WHAT TO DO: Using the records below, give again exactly the lines from the line that contains "Prints of each" through the line that contains "Все платья покупались", both ends included, and only those.
(RECORDS TO USE)
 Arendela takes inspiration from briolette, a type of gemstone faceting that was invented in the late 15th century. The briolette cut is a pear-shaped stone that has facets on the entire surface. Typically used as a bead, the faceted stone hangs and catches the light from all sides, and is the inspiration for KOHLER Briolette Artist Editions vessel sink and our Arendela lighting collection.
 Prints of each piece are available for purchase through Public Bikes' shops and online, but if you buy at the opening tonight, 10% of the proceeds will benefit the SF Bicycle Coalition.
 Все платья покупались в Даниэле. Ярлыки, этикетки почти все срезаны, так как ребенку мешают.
(End RECORDS TO USE)
(RECORDS TO USE)
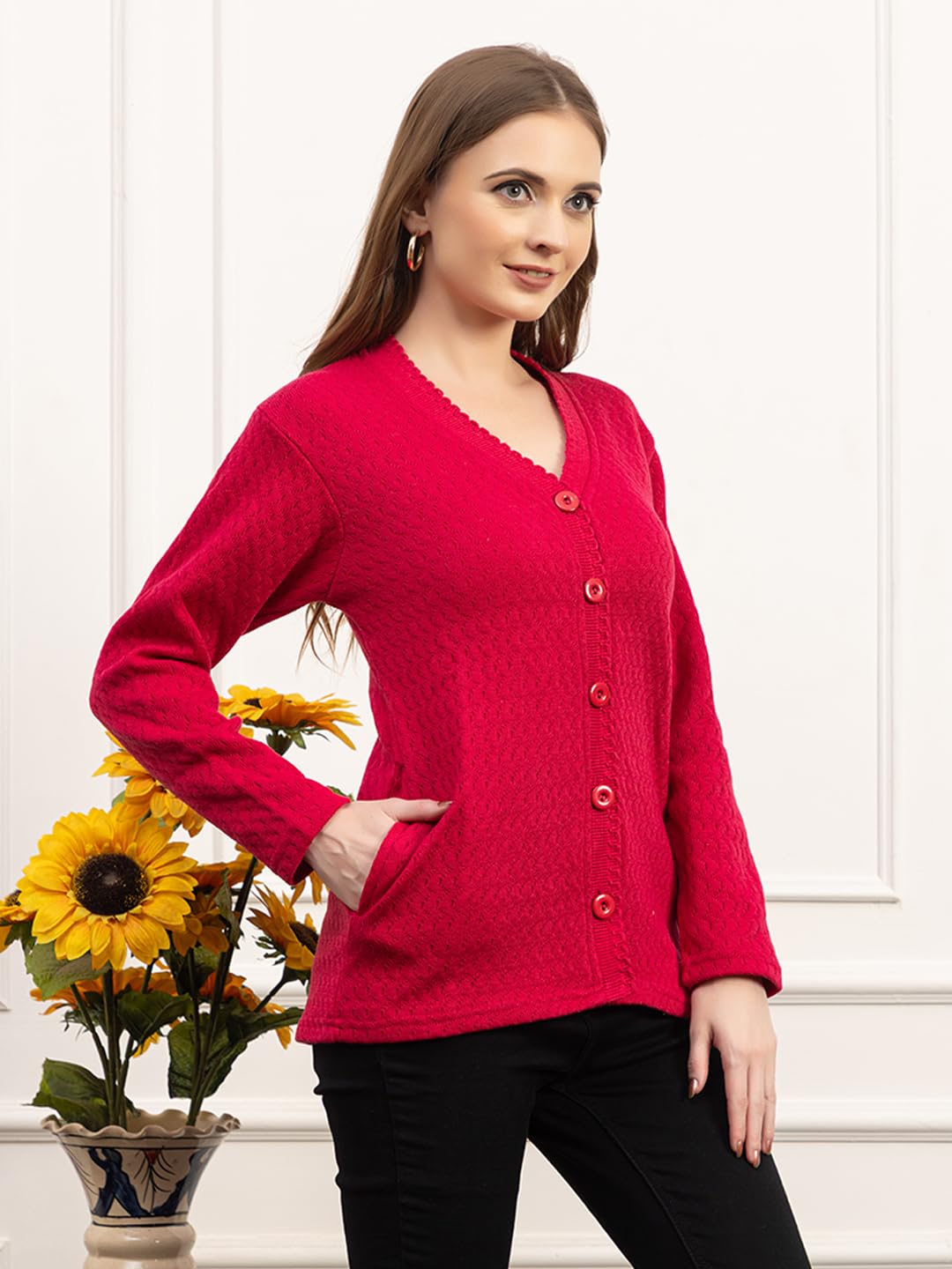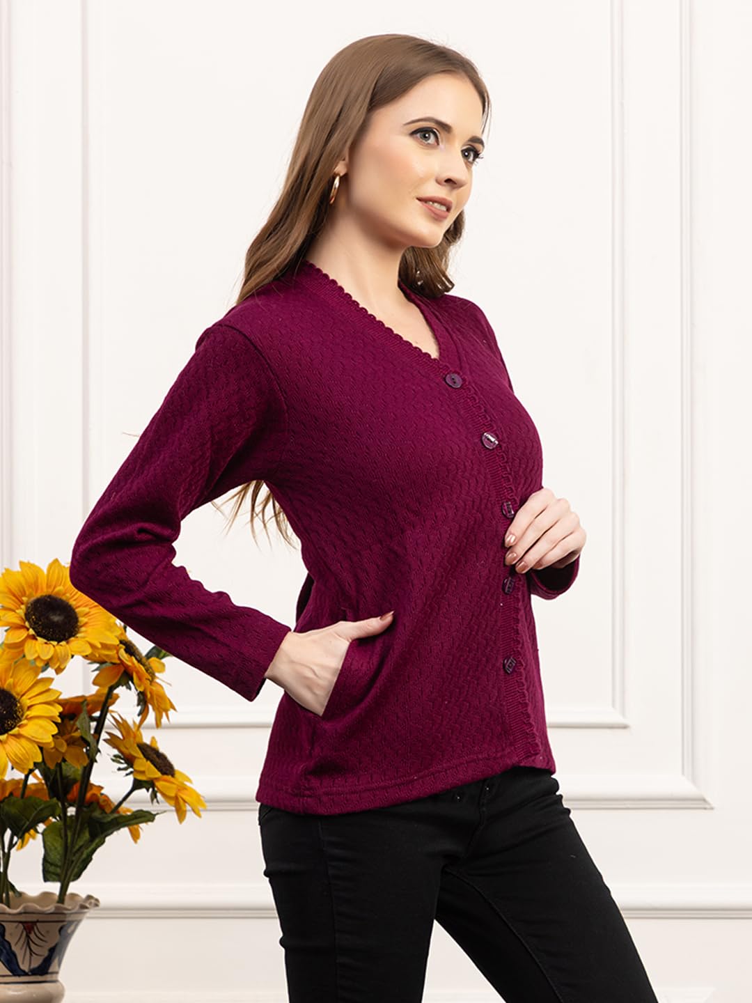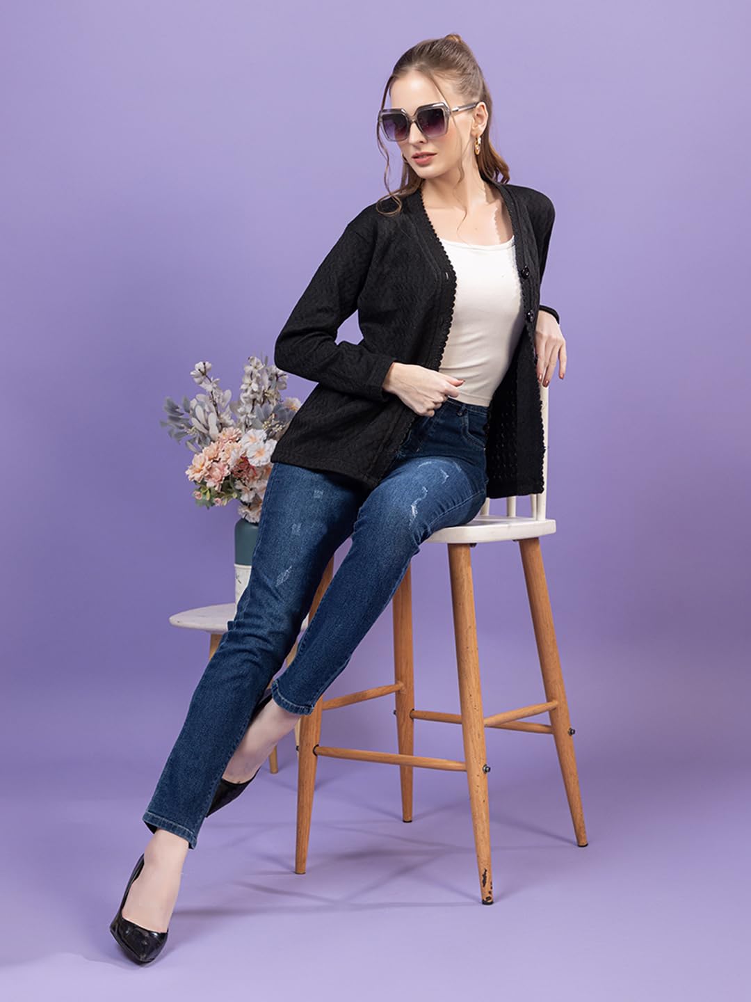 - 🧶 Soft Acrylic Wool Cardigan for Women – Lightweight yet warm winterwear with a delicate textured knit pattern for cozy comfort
(End RECORDS TO USE)
TASK RESPONSE:
 Prints of each piece are available for purchase through Public Bikes' shops and online, but if you buy at the opening tonight, 10% of the proceeds will benefit the SF Bicycle Coalition.
 Все платья покупались в Даниэле. Ярлыки, этикетки почти все срезаны, так как ребенку мешают.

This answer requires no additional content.